In any case, we note that the number of covering rules for an unseen example is much smaller than the total number of rules in the rule sets, and the examination of the set of rules that cover an example is much easier and more focused than for the complete set of rules. When it comes to interpretation, one only has to deal with a small percentage of best rules which recognize popular cases for general principles. In this way, the complexity of interpreting rule sets can be reduced. In fact, unseen examples are always classified with a single rule (cf. Definition 8), which yields a natural justification for the predicted class. Nevertheless, clearly, interpretability is not the main focus of the Lord rule learner.

5 Conclusion

With the Lord algorithm, we have introduced a new approach to predictive rule learning in which a locally optimal rule is found for each training example, and the best covering rule of a new example is chosen for the classification. Although a large percentage of training examples share their local optima after a final filtering phase, the number of rules discovered by Lord is larger than that by conventional rule learners. Nevertheless, the rule sets learned by Lord outperform state-of-the-art rule learners in terms of predictive accuracy. More importantly, despite the large number of found rules, it is very efficient and can be applied to very large databases that cause problems for its competitors. This is primarily due to the adoption of efficient data structures, which have been developed in association rule discovery, to a classification learning setting. Lord also features an inherently parallel search for rules, which could be transformed to a massively parallel architecture for dealing with big data.

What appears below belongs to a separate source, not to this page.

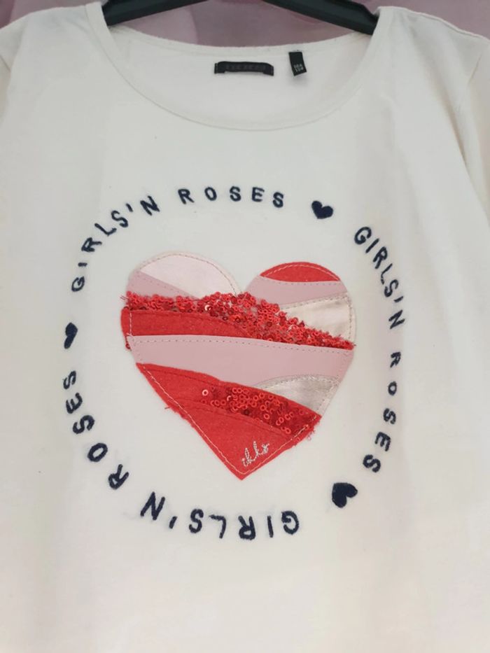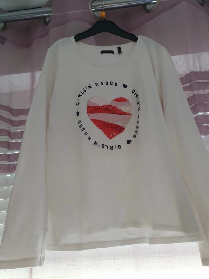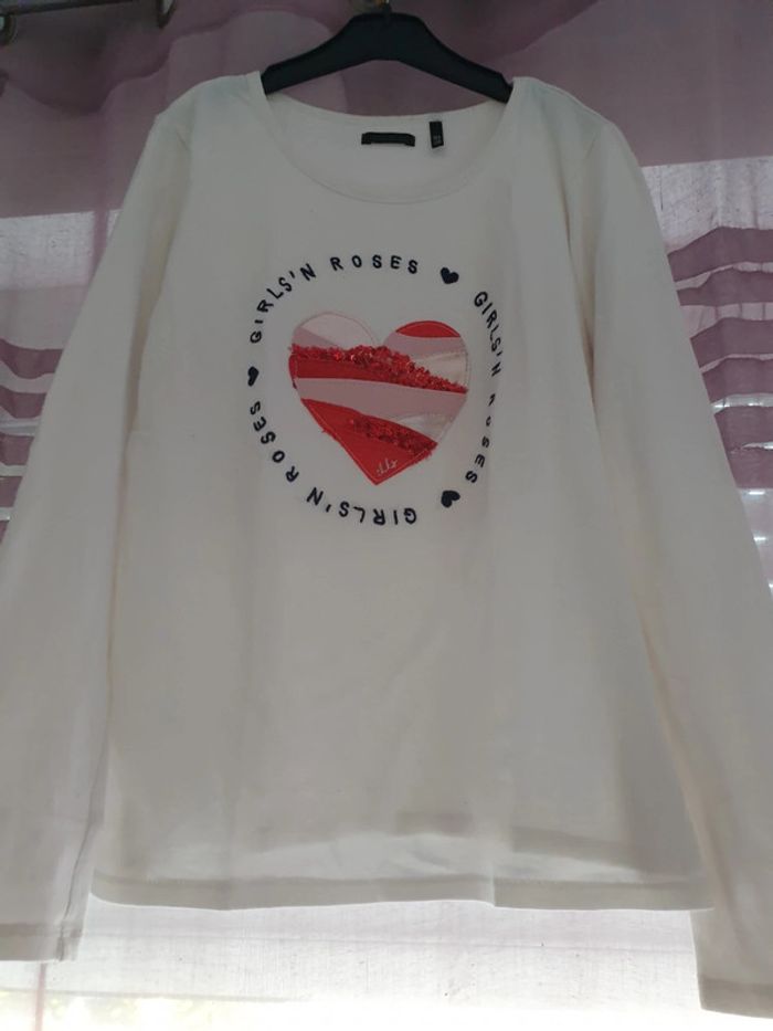 Marque IKKS, bien porté mais reste très correct (quelques bouloches à l'intérieur du col). Manches longues avec motif cœur ❤. Taille 10 ans. #fille10ansgain_de_place

We have also seen that even though better rules contribute more to the predictive accuracy, the rules contributing on the improvement of classification performance are distributed throughout the range of an ordered rule set, so that a further filtering of the rules appears to be non-trivial. Although the remaining rules in a rule set after the filter step are a local optimum for at least one training example, it is still possible that rules can be removed without changing the performance on a given test set. A closer investigation of this issue, as well as a method for detecting such redundant rules will help to reduce the rule set complexity, and improve the interpretability of the found rule sets.

So far, we have not given much thought to the classification phase of the algorithm. Currently, we use the best (according to the training set performance) rule among all rules that cover a test example. Other rule selection methods, or possibly also voting techniques might further improve the prediction performance. In particular, we are also considering to adapt the method to a transductive setting, where the best rule for each test example is learned on the fly and—if it is a new local optimum—added to the rule set. However, this problem turns out to be harder than expected, and a straight-forward adaptation of Lord, which for each possible class forms the best rule covering the test example, performed worse than Lord.